Send a single prompt string and get a completion back.

sema

;; Simple completion
(llm/complete "Say hello in 5 words" {:max-tokens 50})

With options:

sema

(llm/complete "Explain monads"
  {:model "claude-haiku-4-5-20251001"
   :max-tokens 200
   :temperature 0.3
   :system "You are a Haskell expert."})

`llm/stream`

Stream a completion, printing chunks as they arrive.

sema

(llm/stream "Tell me a story" {:max-tokens 200})

With a callback function:

sema

(llm/stream "Tell me a story"
  (fn (chunk) (display chunk))
  {:max-tokens 200})

llm/stream returns the full accumulated response string once streaming finishes — so you can show the live stream and keep the final text:

sema

(define story
  (llm/stream "Tell me a story" (fn (c) (display c)) {:max-tokens 200}))
;; `story` is the complete text after the stream ends.

Chat

`llm/chat`

Send a list of messages and get a response. Supports system, user, and assistant messages.

sema

(llm/chat
  (list (message :system "You are a helpful assistant.")
        (message :user "What is Lisp?

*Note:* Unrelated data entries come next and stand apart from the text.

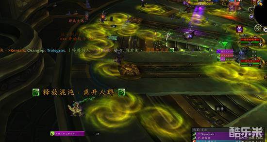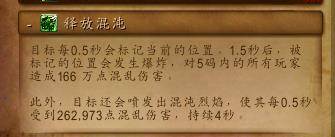 (2)释放混沌的跑动原理其实和古尔丹的跑火差不多,全团点名,每人0.5秒一次一共出4个圈,吃一个不会死,但是尽量不吃,只要移动起来肯定就不会中,后跳很好用,这也是我前面推荐远遁的原因。
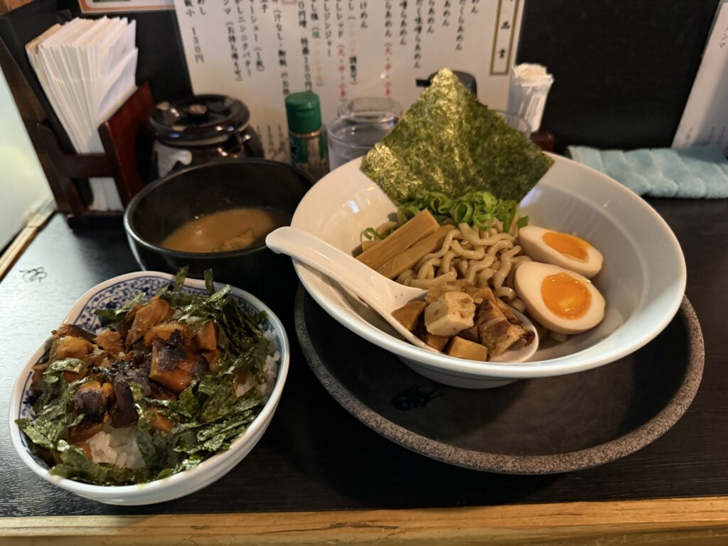 サイドの肉めしはチャーシューも、のりもたっぷりでお得感あり。肉感は薄く若干塩っぱめも結構な量のご飯とは相性はよかったです。少しだけ残ったつけ汁と一緒にいただくも、こちらは普通でした。
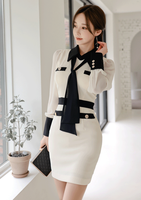 모다 배색 원피스 *허리끈세트* (세일상품)
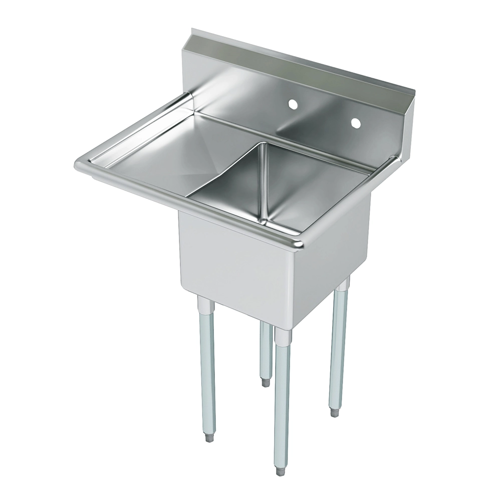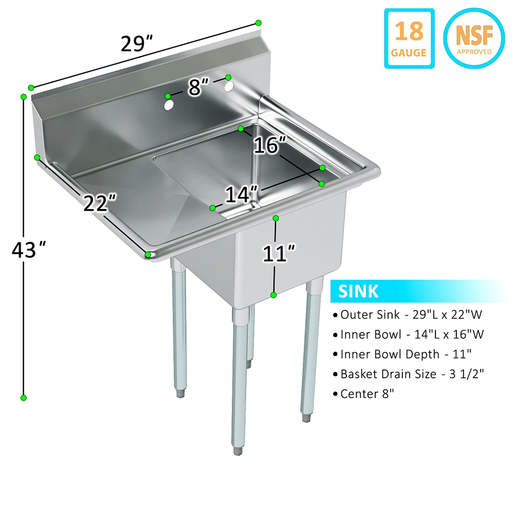 Streamline your workspace with the 29 in. x 22 in. Stainless Steel One-Compartment Sink with a 12 in. left drainboard, a practical and durable solution for various cleaning and prep needs. Crafted from 18GA/304 stainless steel, this sink resists corrosion and stains, ensuring long-lasting performance even in demanding environments like commercial kitchens, utility rooms, or workshops.
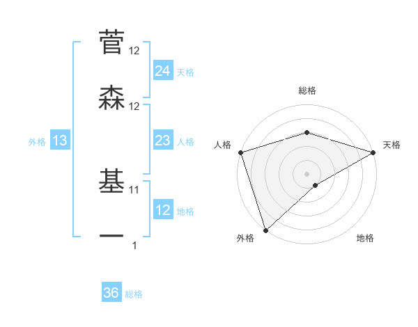 菅森 基一さんの地格は12画の1点!
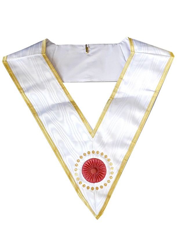 Le ruban blanc qui constitue la base de ce sautoir évoque la pureté et la quête de la vérité, valeurs fondamentales de la tradition maçonnique. Ce ruban, drapé avec finesse, arbore avec dignité les couleurs emblématiques de la GLDF, témoignant ainsi de l’appartenance à cette honorable institution.
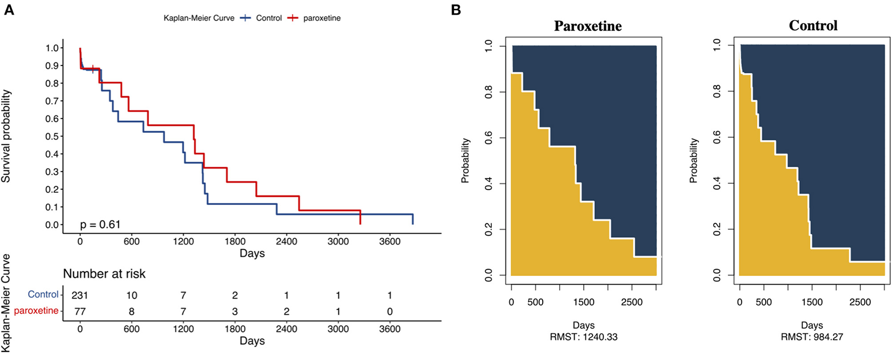 Kaplan–Meier (KM) estimation, logistic regression, and Cox regression were performed to detect the association between paroxetine therapy and outcomes. Restricted mean survival time (RMST) analysis was performed to describe the area under the KM survival curve during a pre-specified timepoint.
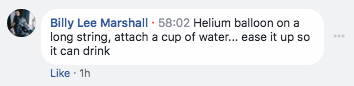 One person suggested attaching a water cup to a helium balloon to give the parched cat something to drink.
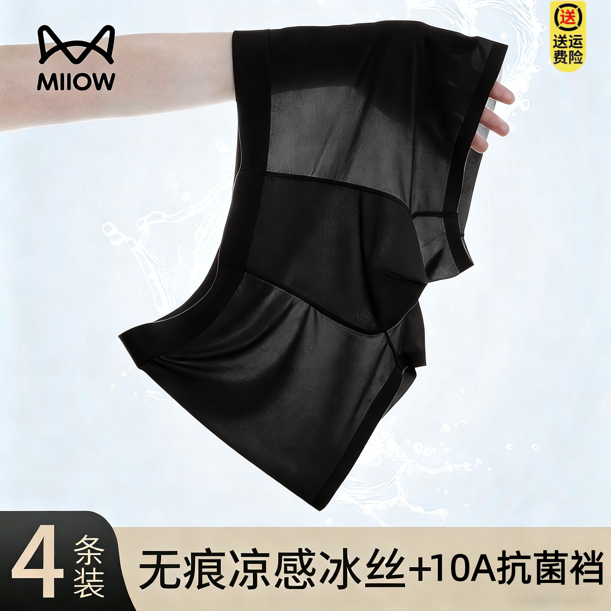 猫人男士内裤黑色无痕夏季冰丝透气速干抗菌凉感大码宽松四角短裤
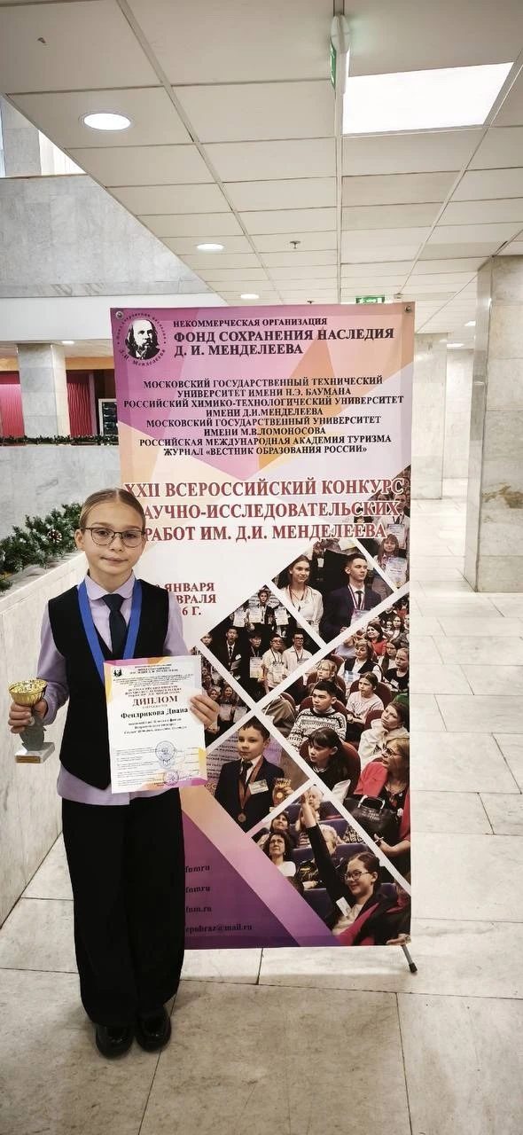 С 30 января по 1 февраля в Москве прошёл XXII Всероссийский конкурс научно-исследовательских работ имени Д. И. Менделеева. В этом году конкурс объединил участников из 60 регионов Российской Федерации, а также гостей из Республики Беларусь и Республики Казахстан. Свои исследования представляли участники 25 секций по самым разным направлениям науки — от естественно-научных до гуманитарных.
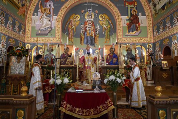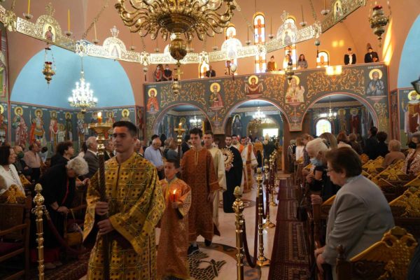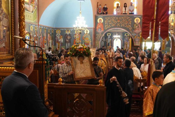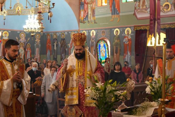 Εν συνεχεία εντός του ιερού ναού πραγματοποιήθηκε λιτάνευση της Ιεράς Εικόνας της Παναγίας Εσφαγμένης και ιερών λειψάνων ενώ ευλογήθηκε το ιερό κόλλυβο του Αγίου Γεωργίου. Πριν την απόλυση της Θείας Λειτουργίας ο Προϊστάμενος του Ιερού Ναού και Αρχιερατικός Επίτροπος της ΙΗ’ Αρχιεπισκοπικής Περιφέρειας, Αρχιμανδρίτης π. Αλέξιος Γιαννιός, ευχαρίστησε τον Θεοφιλέστατο κ. Χρυσόστομο για την παρουσία του στην λαμπρή αυτή ημέρα για την Ενορία. “Ο Άγιος Γεώργιος να σας πραστατεύει και να είναι ο έφορος και προστάτης της ζωής σας”, ευχήθηκε και προσέφερε σε ανάμνηση της επισκέψεως του Θεοφιλεστάτου ένα από τα αναθυμητικά που είχαν εκδοθεί κατά τα εγκαίνια του ναού.

One sentence."))
  {:max-tokens 100})

When you pass :tools, llm/chat runs the tool-execution loop for you (see Tools & Agents). Two options bound it: :tool-mode :none lets the model see the tools but never auto-executes them, and :max-tool-rounds N caps the loop (default 10).

Send messages that include images alongside text using message/with-image.

sema

;; Load an image and ask the LLM about it
(define img (file/read-bytes "photo.jpg"))
(define msg (message/with-image :user "Describe this image." img))
(llm/chat (list msg))

Combine with regular messages:

sema

(llm/chat
  (list (message :system "You are an image analyst.")
        (message/with-image :user "What text is in this image?" (file/read-bytes "doc.png"))))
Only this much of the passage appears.